Karin Judith Barber, is a British cultural anthropologist and academic, who specialises in the Yoruba-speaking area of Nigeria. From 1999 to 2017, she was Professor of African Cultural Anthropology at the University of Birmingham. Before joining the Centre of West African Studies of the University of Birmingham, she was a lecturer at the University of Ife in Nigeria. Since 2018, she has been Centennial Professor of Anthropology at the London School of Economics. Barber has written two introductory textbooks for the Yoruba language, and a number of books concerning Yoruba culture, and oral literature and written literature in Africa. She has been awarded a number of prizes for her publications, and has been recognised by her peers and the British government for her contributions to scholarship.
From 1977 to 1984, Barber was a lecturer in the Department of African Languages and Literature at the University of Ife in Nigeria. Yoruba, which she had learnt during her doctorate, was used as the medium of instruction. In 1985, she moved back to the United Kingdom and joined the Centre of West African Studies of the University of Birmingham. She was a lecturer from 1985 to 1993, a senior lecturer from 1993 to 1997, and then Reader from 1997 to 1999. From 1998 to 2001, she served as Director of the Centre of West African Studies. In 1999, she was appointed Professor of African Cultural Anthropology. She retired from Birmingham in 2017, and was appointed professor emeritus. Since 2018, she has been Centennial Professor of Anthropology at the London School of Economics. In addition to her full-time academic positions, Barber has held a number of visiting appointments. For the 1993/1994 academic year she was Preceptor of the Institute of Advanced Study and Research in the African Humanities at Northwestern University in Illinois, United States. In 1999, she was Melville Herskovits Distinguished Visiting Professor at Northwestern University. In 2014, she was the Mellon Foundation Distinguished Visiting Scholar at the University of the Witwatersrand, South Africa. Barber has held senior positions with the British Academy, the United Kingdom'snational academy for the humanities and the social sciences.

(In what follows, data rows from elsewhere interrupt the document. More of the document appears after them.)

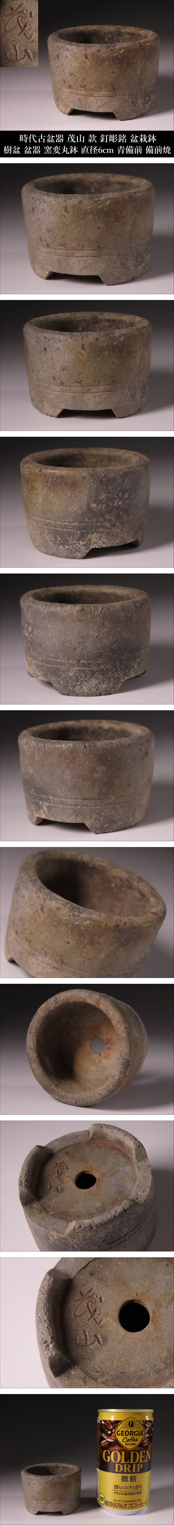 【ONE'S】時代古盆器 茂山 款 釘彫銘 盆栽鉢 樹盆 盆器 窯変丸鉢 直径6cm 青備前 備前焼 古美術品 | |||
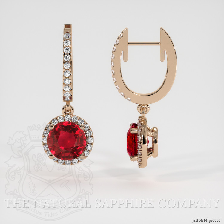 The earrings feature a beautiful, transparent pair of rubies that are 1.82 total carat weight. They are round shape red rubies, with the dimensions of 5.82 x 5.76 x 3.33 mm and are mixed brilliant cut, have a clarity grade of eye clean (evaluated at eye level), vivid color saturation, and an excellent polish. The origin of this pair of rubies is Mozambique.
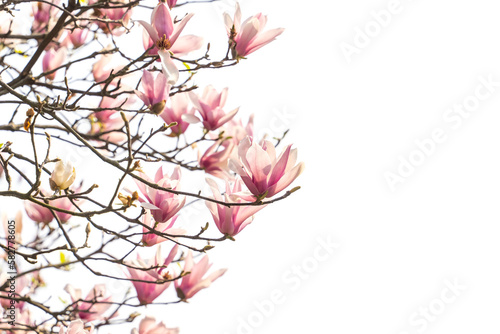 © xiaoliangge, Fototapeta premium magnolia spring branch isolated on white background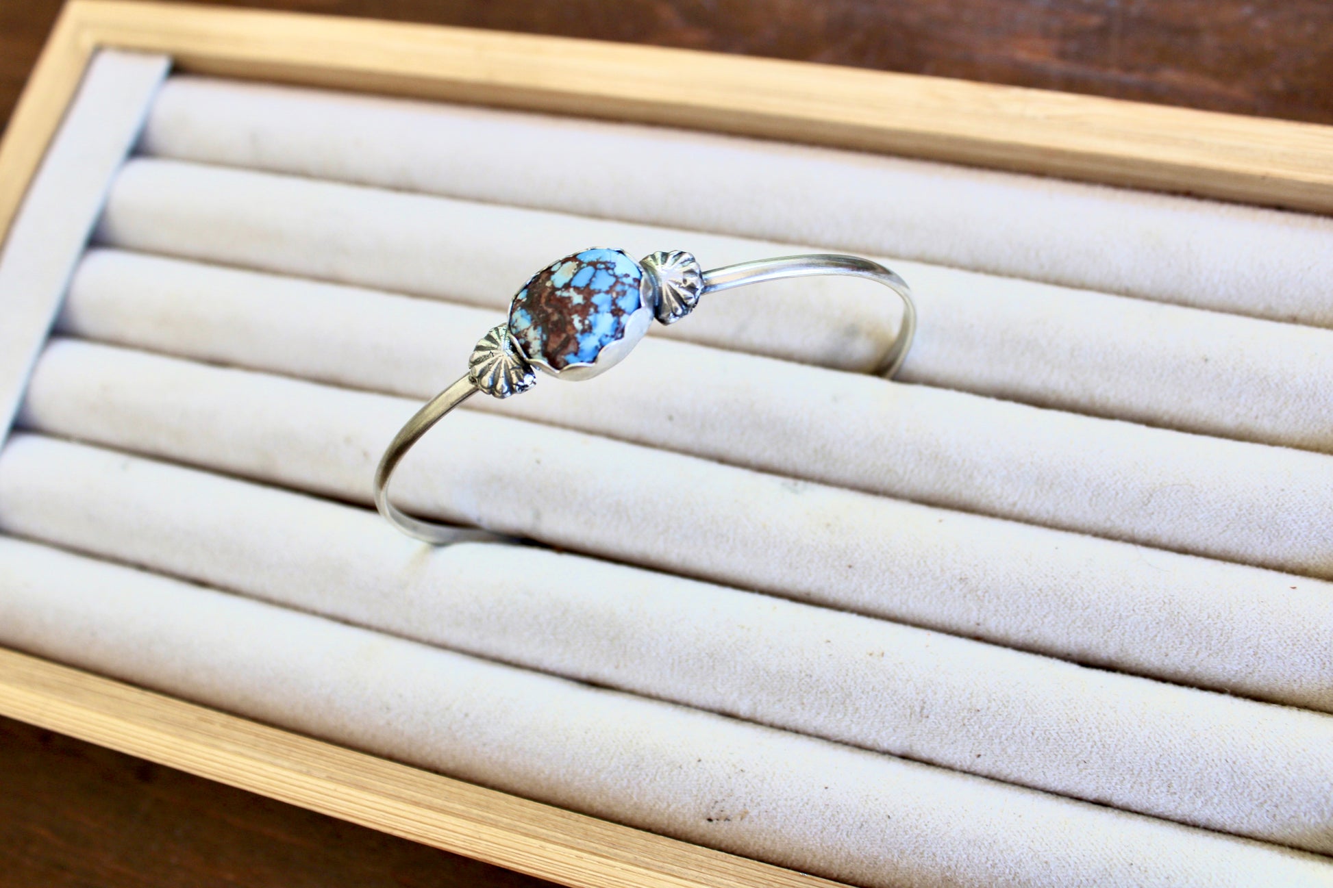 Sterling Silver Golden Hills Turquoise Cuff. Cuff is approximately 6 inches. Adjustable as silver is soft and flexible. Embellishments are handmade from Silver.

She was a member of the council from 2007 to 2008, and was its Vice-President from 2008 to 2010.
Research
Barber is a cultural anthropologist, whose research has remained focused within the area in which she did her doctorate. She specialises in the "Yoruba-speaking area of Nigeria", and their culture, religion, and oral and written literature. She has also looked comparatively at "popular culture across sub-Saharan Africa" and researched the "uses of literacy in colonial Africa". As part of broader research interests, Barber teaches undergraduate and postgraduate courses on the popular culture of Africa, African religion and ritual, and also teaches the Yoruba language at beginner level.

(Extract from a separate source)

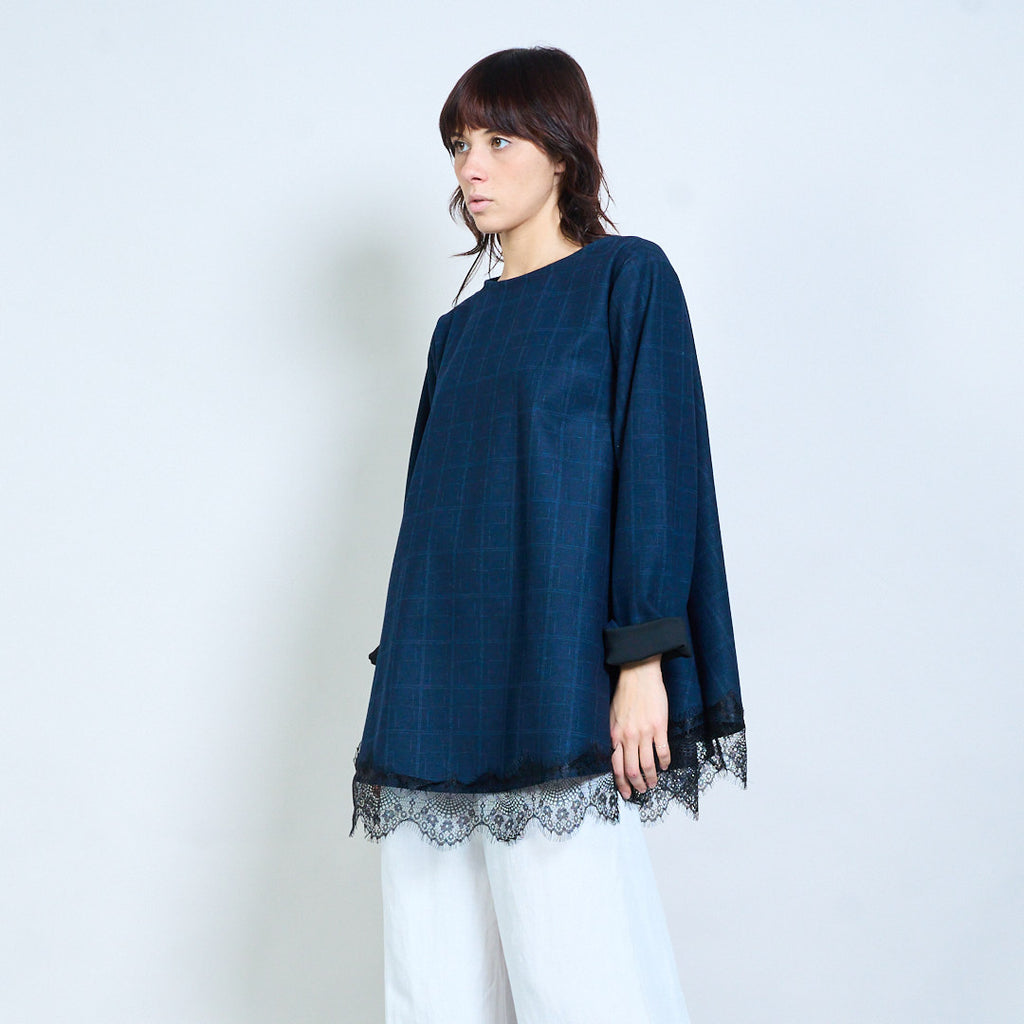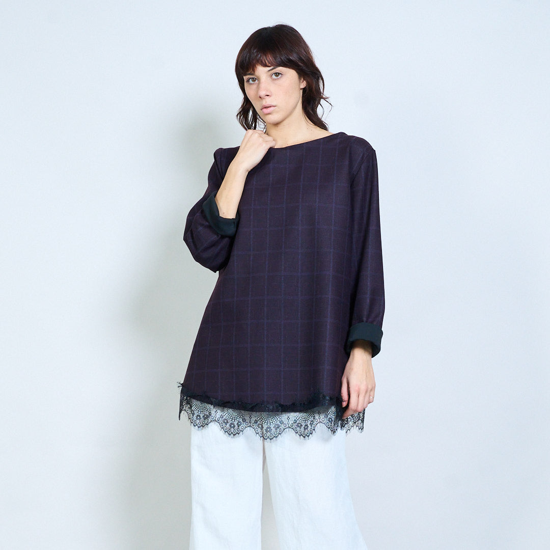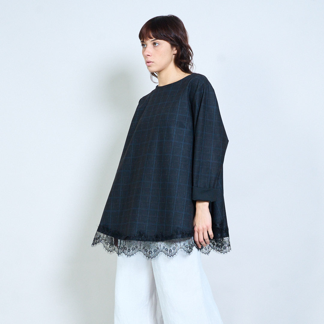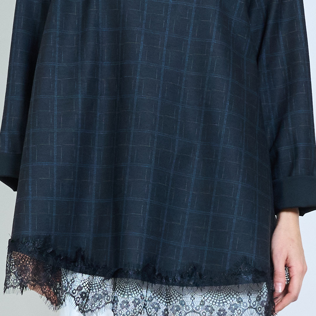 Sprzedam hurtową luźną tunikę z długim rękawem w kratkę, wykończoną koronką
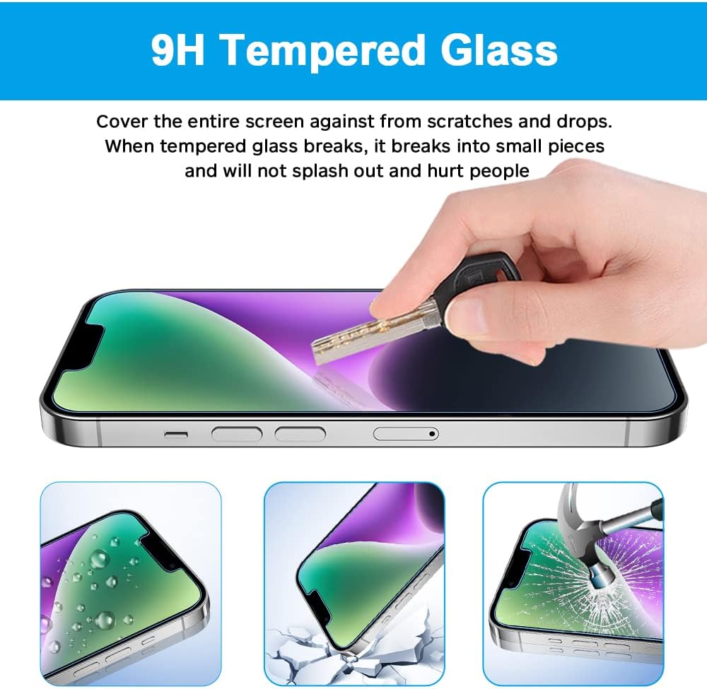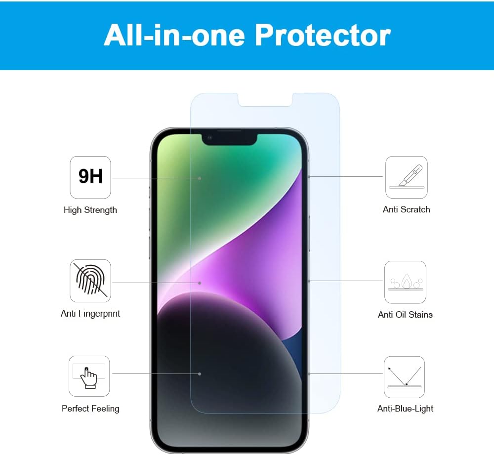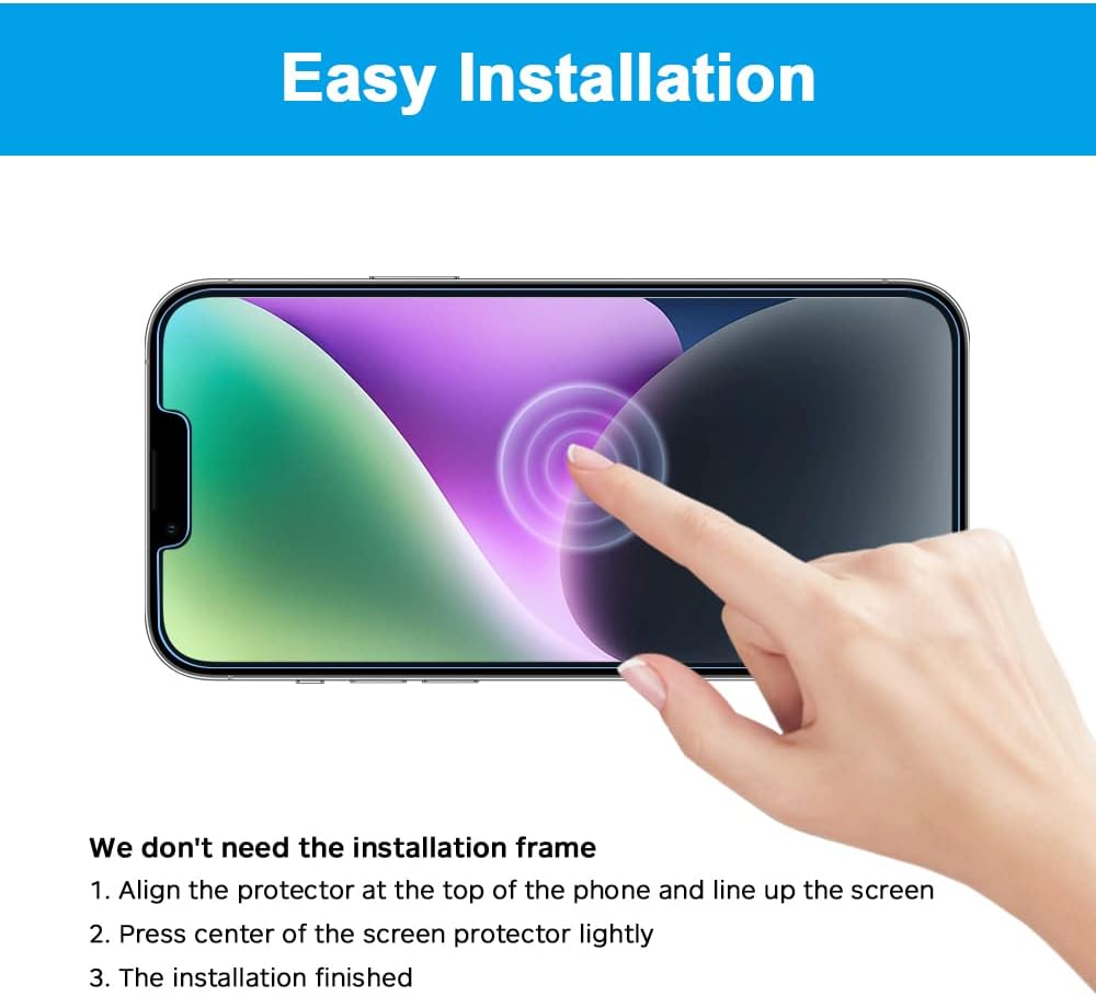 مناسب للجراب: يجعل واقي الشاشة المضاد للضوء الأزرق يناسب شاشتك بشكل كبير دون القلق بشأن رفع الحواف، يتميز غطاء الشاشة بتصميم حافة منحنية 2.5D، يناسب تمامًا جميع أنواع حافظات ايفون 14.

In 2003, Barber was elected a Fellow of the British Academy, the United Kingdom's national academy for the humanities and social sciences. In the 2012 New Year Honours, she was appointed a Commander of the Order of the British Empire "for services to African Studies". In 1991, Barber was awarded the "Amaury Talbot Prize for African Anthropology" by the Royal Anthropological Institute for I Could Speak Until Tomorrow: Oriki, Women and the Past in a Yoruba Town, her first book. In 2001, she was awarded the "Melville J. Herskovits Award" by the African Studies Association for The Generation of Plays: Yoruba Popular Life in Theatre. In 2009, she was awarded the "Susanne K. Langer Award for Outstanding Scholarship in the Ecology of Symbolic Form" by the Media Ecology Association for The Anthropology of Texts, Persons and Publics. In 2013, she was awarded the "Paul Hair Prize" by the African Studies Association for Print Culture and the First Yoruba Novel.